WeatherSignal allows users to monitor the many sensors on their device - light, magnetism, pressure and more - while contributing to a realtime weather map. At the moment we're not using it make weather predictions, that will come.
The more people using WeatherSignal greater the possibilities become. We've just reached 90,000 downloads worldwide. With a hundred thousand people in single city using this app, we would have a picture of the weather of unprecedented detail. Changes in light would allow the tracking of single clouds and historic data would enable precise modeling of the urban heat island effect. For some more ideas on how this app could be used, check out this blog post we wrote after one week of WeatherSignal.
We will be releasing data dumps of WeatherSignal data for academic use, please contact us if this could be of use to your research.
The addition of a hygrometer and ambient temperature sensor in the Galaxy S4 are evidence of the trend to incorporate more and more sensors into devices. Often these sensors are added with one particular use case in mind - barometers for example are used to assist the GPS in getting an altitude fix; light sensors are used to regulate screen brightness. As with the battery thermometer, these sensors can be repurposed.
Much, perhaps most, of the data in existence is produced by our interactions with the internet, providing a partial view of our lives and surroundings. On aggregate this data can be useful in informing us about the world - for many years Google was able to monitor flu epidemics based on searches for flu symptoms, no-one is sure why, but lately Google has been getting this wrong.
Sensor networks - automated crowdsourcing of data - provide an unmediated view of the world. There will still be noise in the data but it may be of a more predictable sort than the data that can be garnered from social networks.

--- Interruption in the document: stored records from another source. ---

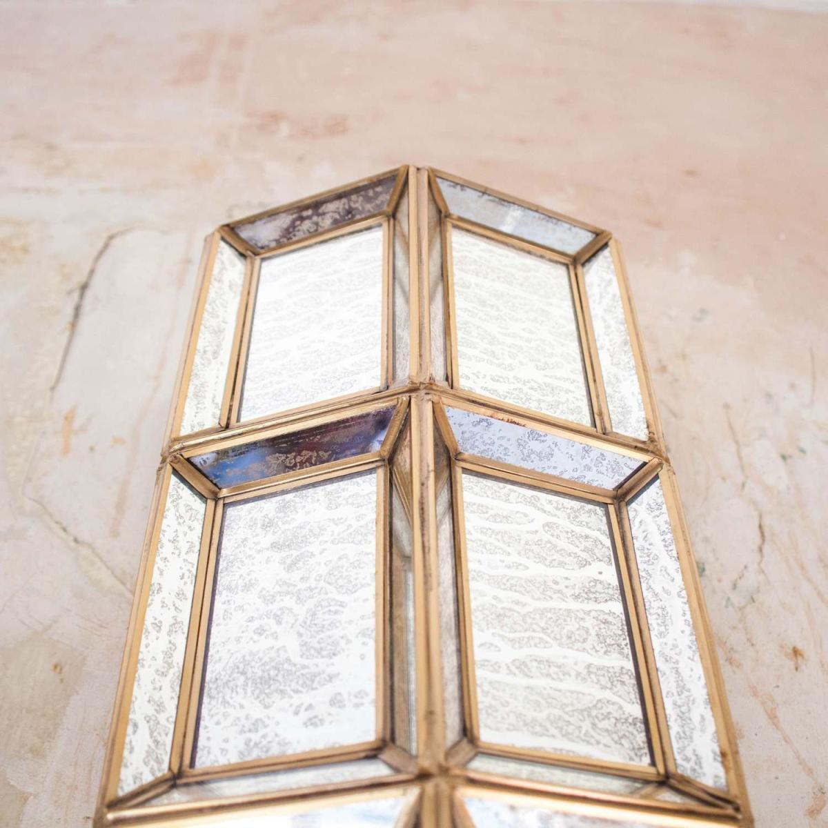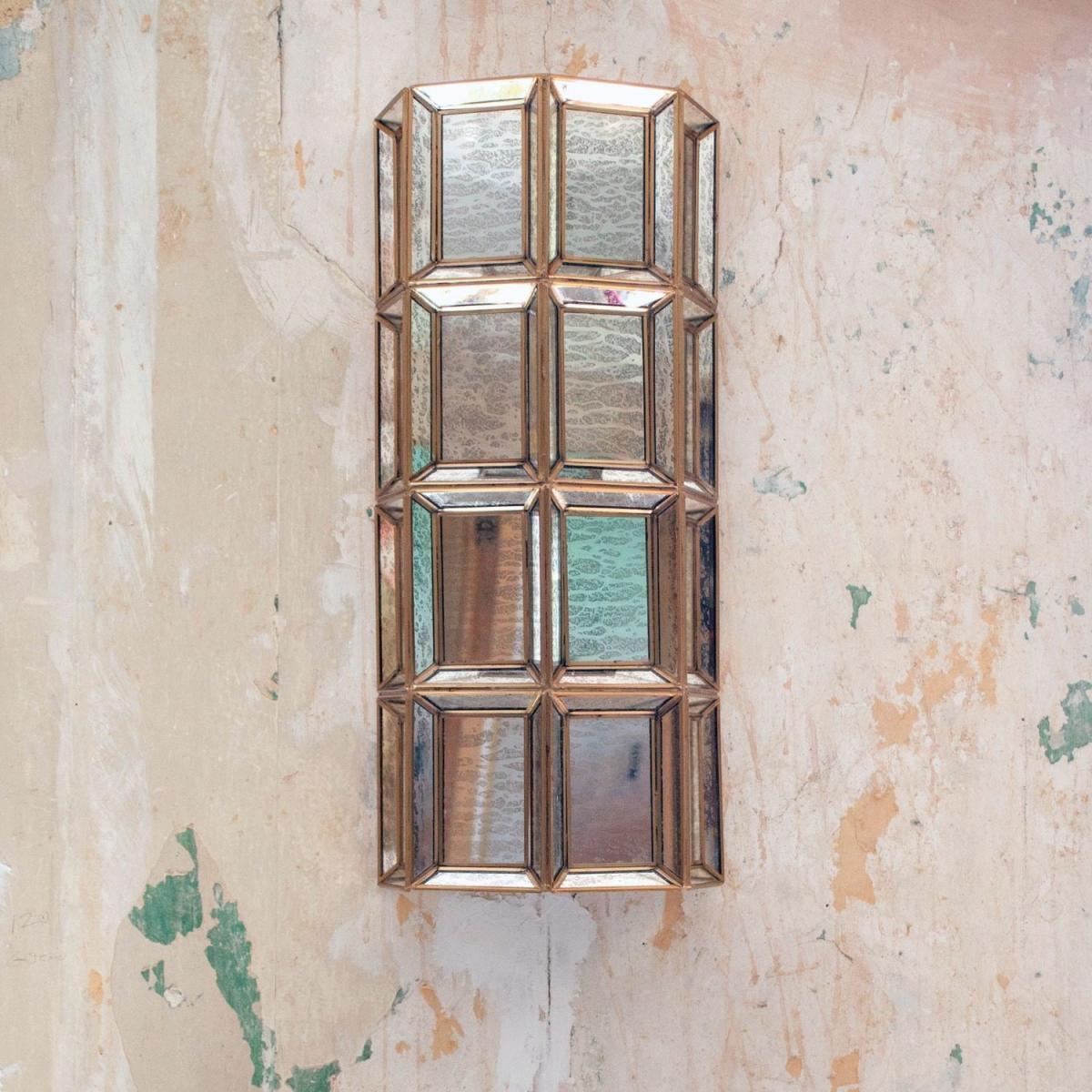 A handcrafted art deco inspired wall light made from mottled glass and held together in an iron frame with a rustic brass finish.
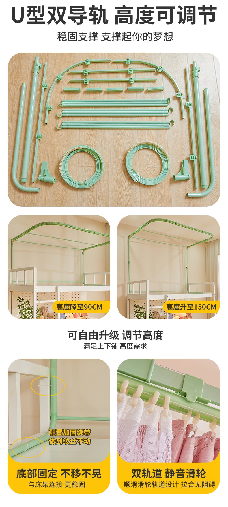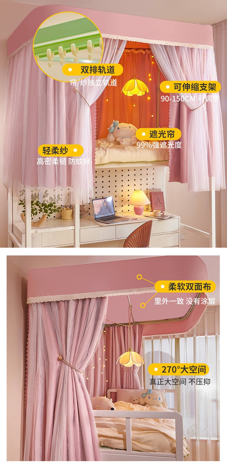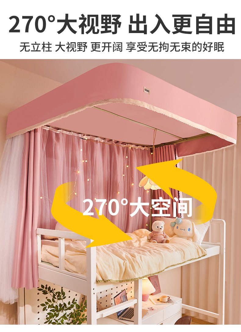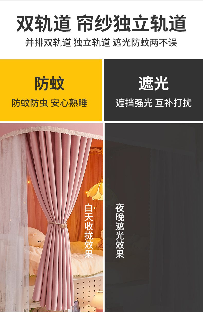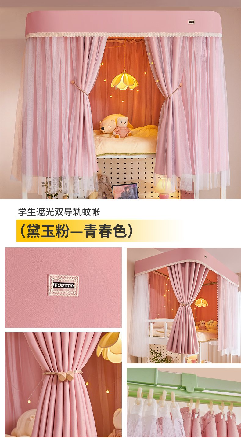 (总)艾晶美2025新款双层学生上下铺蚊帐精密面料轨道蚊帐,黛玉粉-青春色,高级灰-气质色,米卡其-百搭色,深灰蓝-神秘色
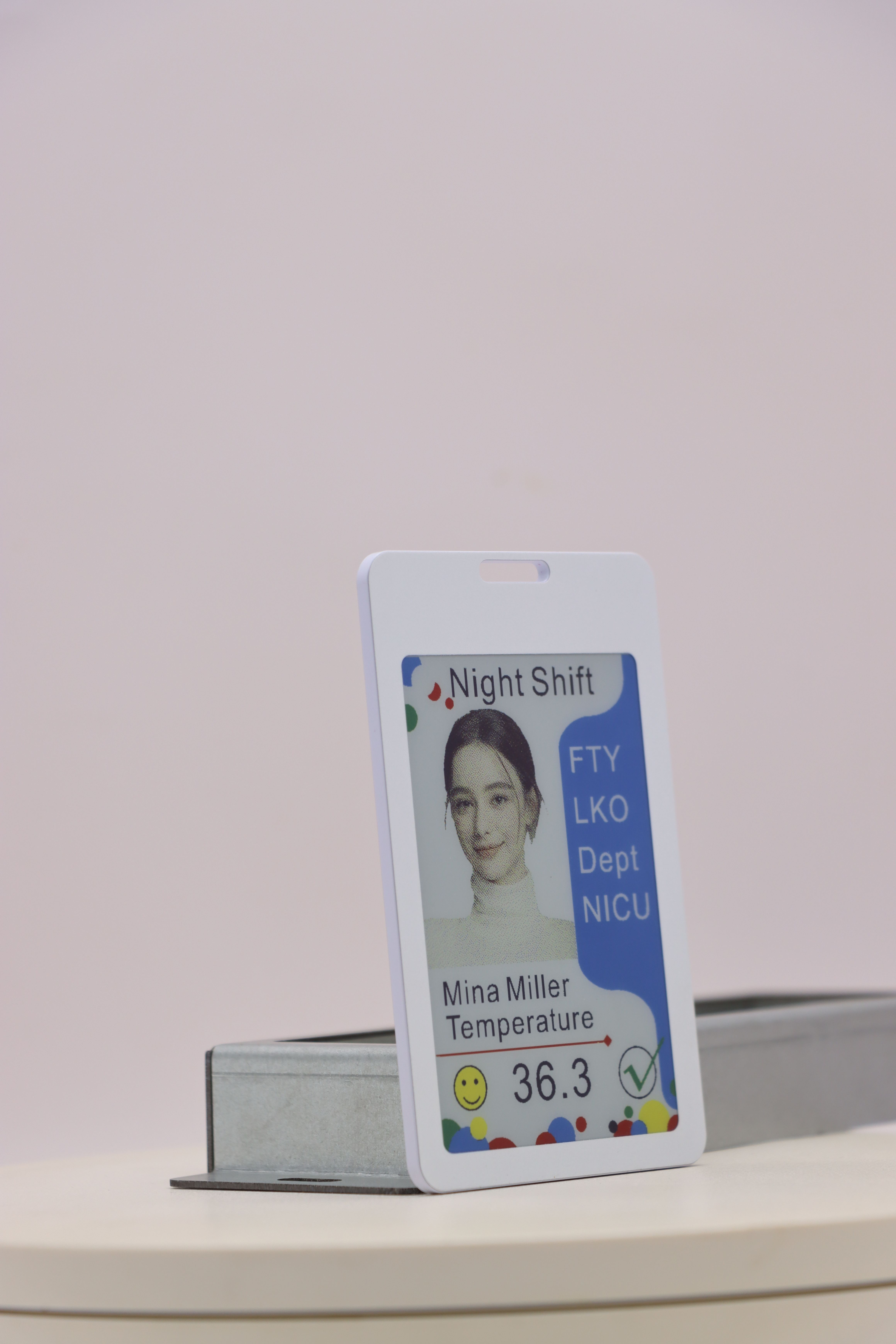 这款电子工牌搭载 3.6 寸墨水屏,支持黑、白、红、黄、蓝、绿六色显示及彩色刷新功能,不仅能清晰呈现员工姓名、部门、职位等基础信息,还可动态展示企业 logo、活动标语等内容,视觉效果鲜明且功耗极低。通信方式上,它兼容蓝牙与 NFC 模式,蓝牙连接可实现远程批量更新信息,无需逐个接触操作;NFC 功能则支持快速打卡、门禁核验,轻轻贴近设备即可完成交互,大幅提升通行效率。
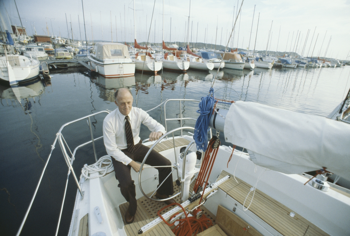 Albin Nova vid brygga i Fiskebäcks hamn. Representant från Albin Marin i sittbrunnen.

Left: the addition of sensors to Samsung's Galaxy S series The full story of how temperature and humidity sensors made it into the Samsung Galaxy S4 is rather fascinating.

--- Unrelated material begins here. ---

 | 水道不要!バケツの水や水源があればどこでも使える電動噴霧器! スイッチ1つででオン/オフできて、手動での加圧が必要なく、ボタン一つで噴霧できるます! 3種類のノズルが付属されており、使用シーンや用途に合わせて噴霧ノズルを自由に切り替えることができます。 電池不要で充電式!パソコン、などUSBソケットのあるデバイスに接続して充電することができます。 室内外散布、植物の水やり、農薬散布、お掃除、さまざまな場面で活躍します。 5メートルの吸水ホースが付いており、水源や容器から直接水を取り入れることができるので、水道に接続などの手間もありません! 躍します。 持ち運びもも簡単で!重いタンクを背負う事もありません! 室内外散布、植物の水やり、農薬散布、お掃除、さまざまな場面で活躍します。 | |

In as much as being a node in a sensor network is of benefit to society, it is of personal benefit also; but there is a more immediate way in which sensor data could be used: it turns your phone into the personal equivalent of a plane's Black Box Recorder.
Imagine your doctor could instantly access data on which countries you've been in, the extremes of pressure and temperature you'd experienced, the amount of exercise you are getting, even the humidity where you live. The smartphone-sensor-network is poised to become one of the most powerful tools in both meteorology and medicine.

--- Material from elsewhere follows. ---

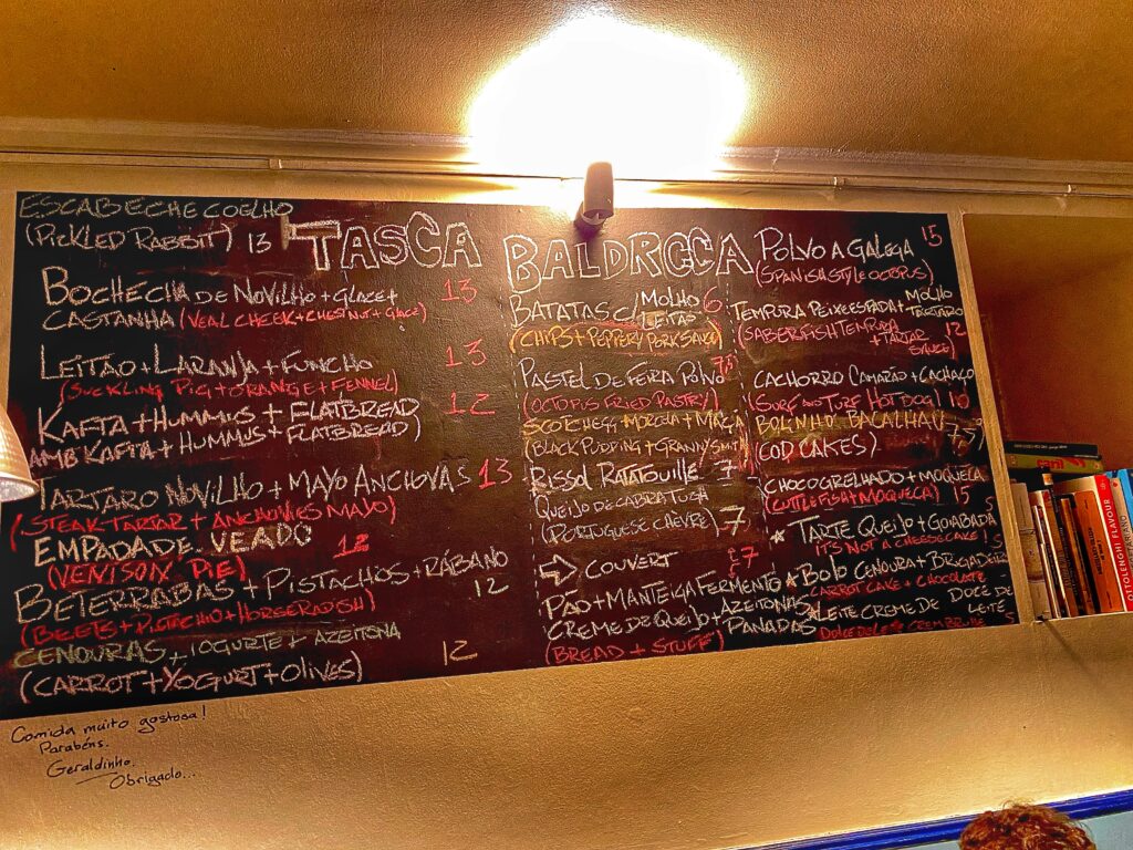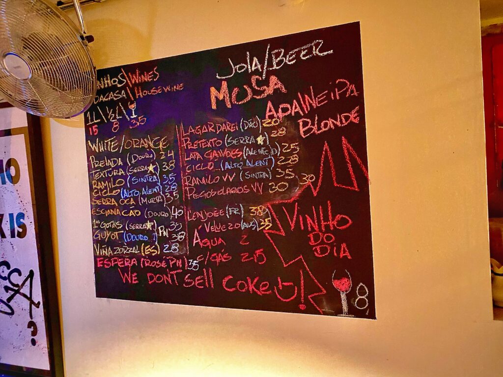 Il locale è rumoroso, il personale informale e un po’ burbero, i muri più che dipinti oserei dire scarabocchiati, i piatti sbeccati, l’atmosfera giovane e festosa; il tutto condito dallo chef-anfitrione Pedro Monteiro che gira tra i tavoli scherzando e soffermandosi sovente con amici o clienti a bersi un (anche tre o quattro) bicchiere di vino.

If, like us, you're impatient for the future, you can start using WeatherSignal as your Black Box right now. Here're some instructions on how to use WeatherSignal for Quantified Self tracking.
This study and these apps, and even billion dollar sensor networks like Waze, are just the beginnings of this type of technology. Enough social networks, let's build a better world with sensors.
Right: to improve our weather crowdsourcing, we're trying to understand the conditions readings were taken under (indoors, outdoors, the activities of the user), since our model would likely give better results if we tuned it differently according to these problems. The medical "Black Box" and crowdsourced weather are closely related.